In her email, which Royal Mail confirmed was genuine, Greene, a Canadian, said she was "deeply offended" by the criticism that had come her way over pay and benefits. She added that she was unimpressed with the amount of time it had taken ministers and civil servants to settle her remuneration.

"I took on a company in grave difficulty," she wrote. "I was here for a full 15 months before officials and/or ministers deigned to explain the exact basis upon which I would be paid. I had long resigned my previous position.

"The actual practise [sic] for setting and applying agreed compensation arrangements for [chief executive officers] in commercial companies involving government shareholding is hopelessly broken here," she wrote on 5 August.

Greene, a former civil servant and businesswoman in Canada who took over at Royal Mail in the summer of 2010, has been steering the formerly loss-making 497-year-old service towards an expected privatisation. The Communication Workers Union said in August her pay was "imitating private-sector excess" after a Royal Mail report showed she received a 33% rise last year to bring her pay, including pension contributions, to £1.47m.

The business secretary, Vince Cable, had also expressed his concern about the relocation payment, which Royal Mail's independent remuneration committee of non-executive directors approved. After Cable's comments, Greene offered to hand back the money, which, she wrote, had been offered "in good faith".

In her email, Greene added: "The climate for executives and their abilty [sic] to manage in the UK remains highly politicised, all aggravated by a press corp whose general traits have been well set out by Mr. Justice Levinson [sic]."

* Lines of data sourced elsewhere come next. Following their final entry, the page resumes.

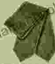
No. 3—Gentlemen's Striped Necktie, with outside band of silk, price 25c.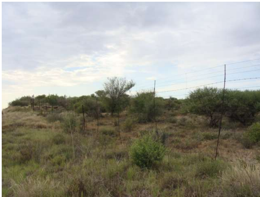
Figure 5: View of vegetation on a sand dune along Alternative Two.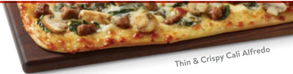
Thin & Crispy Cali Alfredo

But she also robustly defended her track record. With her at the helm, Royal Mail moved from losing money in 2010-11 to generating £334m of cash in 2012-13. She wrote: "In Royal Mail as a commercial company with a public mission we have a long way to go … but it is certainly more stable now … able to offer thousands of people, 150,000 in fact, good jobs with salaries and benefits far superior to that available elsewhere in our intensely competitive industry."

Royal Mail declined to comment on "individual correspondence" but stressed that there was no breakdown in confidence with the government. It said Royal Mail "has enjoyed tremendous support from government on many issues", and the organisation was "very grateful to ministers and their colleagues for their past support and continued assistance".

Defending the original decision to provide a relocation allowance, Royal Mail said this had been provided in "exceptional circumstances" to take into account the difference in house prices between Britain and Canada. It added: "The chief executive was not involved in the decision and has voluntarily offered to return this assistance. The remuneration committee has accepted this offer."

Royal Mail added that under Greene's leadership, the company had been transformed and that it no longer had the "going-concern" financial issues that were a factor at the time of her appointment.